Task:
Omit all pictures, and print word for word only the lines from the one containing "送料無料 テーラードジャケット アウター" through the end of the data.

Supplied data:
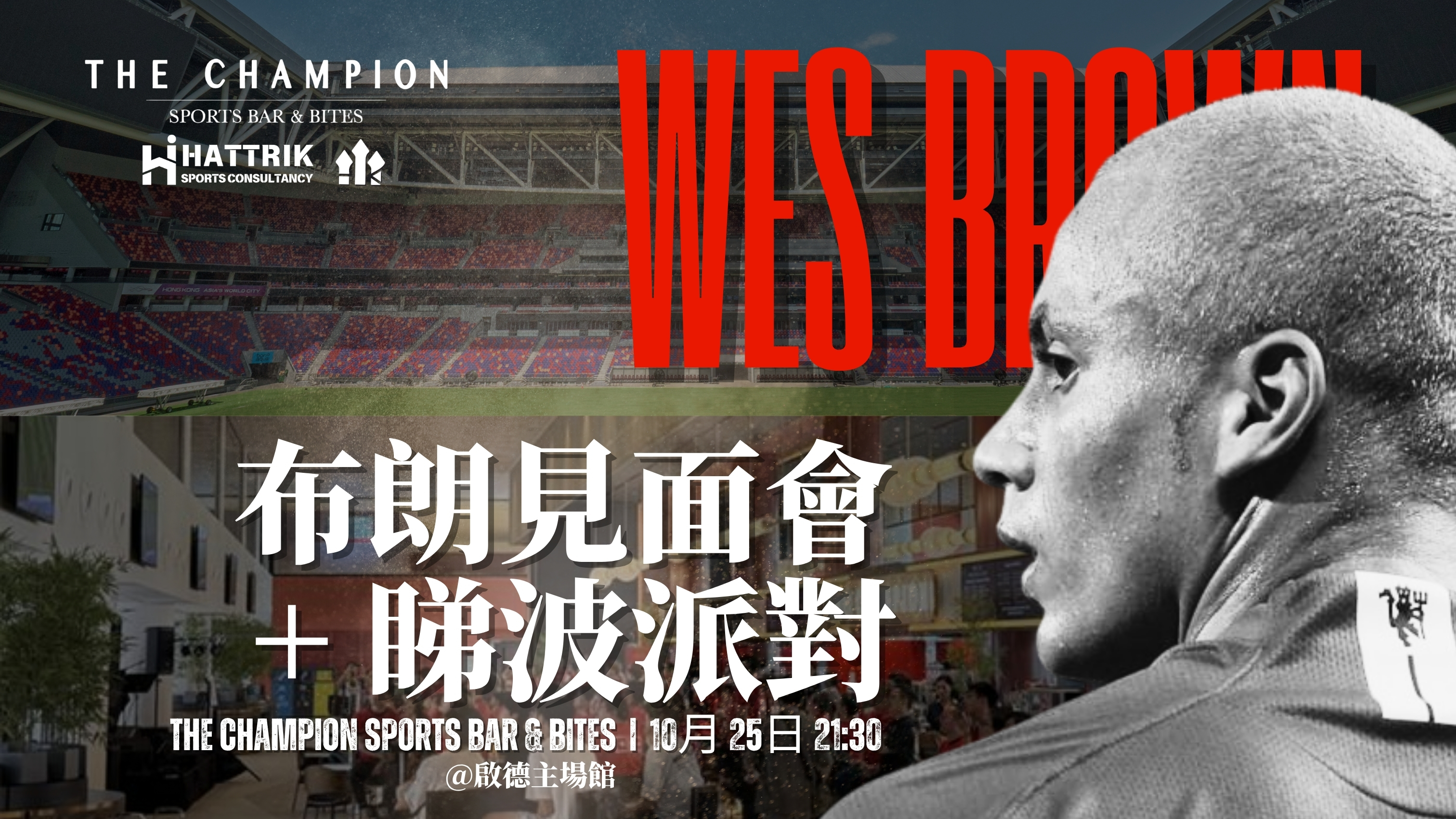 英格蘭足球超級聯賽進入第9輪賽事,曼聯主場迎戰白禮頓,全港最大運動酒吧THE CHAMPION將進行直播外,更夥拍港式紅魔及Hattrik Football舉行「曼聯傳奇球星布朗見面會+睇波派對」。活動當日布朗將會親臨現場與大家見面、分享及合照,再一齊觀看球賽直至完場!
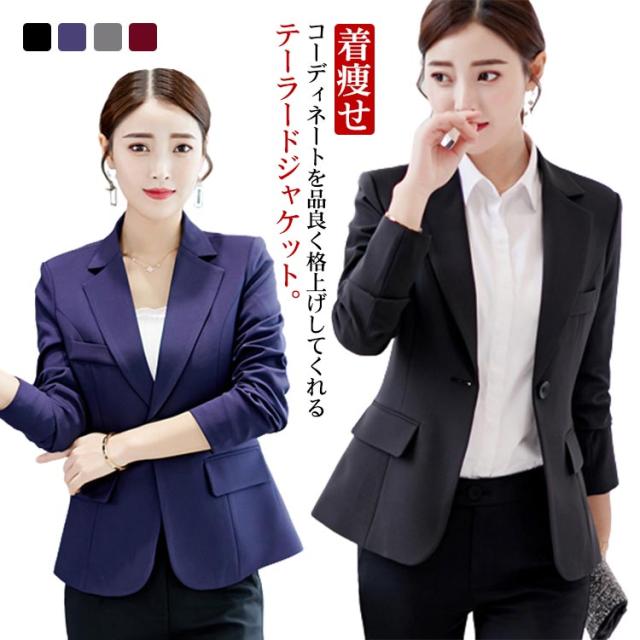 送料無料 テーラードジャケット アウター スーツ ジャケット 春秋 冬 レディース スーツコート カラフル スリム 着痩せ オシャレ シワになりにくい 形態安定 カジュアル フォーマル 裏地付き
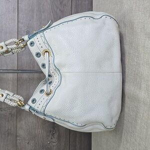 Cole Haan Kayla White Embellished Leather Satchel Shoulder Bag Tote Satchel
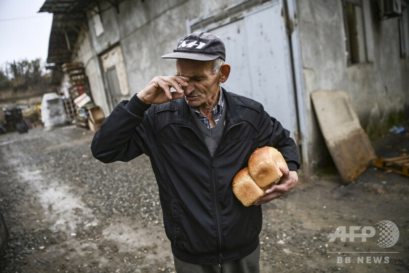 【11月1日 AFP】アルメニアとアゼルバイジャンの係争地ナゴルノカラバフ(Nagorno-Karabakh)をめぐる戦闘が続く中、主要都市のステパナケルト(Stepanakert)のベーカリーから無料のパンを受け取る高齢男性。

Solution to the problem:
 送料無料 テーラードジャケット アウター スーツ ジャケット 春秋 冬 レディース スーツコート カラフル スリム 着痩せ オシャレ シワになりにくい 形態安定 カジュアル フォーマル 裏地付き
 Cole Haan Kayla White Embellished Leather Satchel Shoulder Bag Tote Satchel
 【11月1日 AFP】アルメニアとアゼルバイジャンの係争地ナゴルノカラバフ(Nagorno-Karabakh)をめぐる戦闘が続く中、主要都市のステパナケルト(Stepanakert)のベーカリーから無料のパンを受け取る高齢男性。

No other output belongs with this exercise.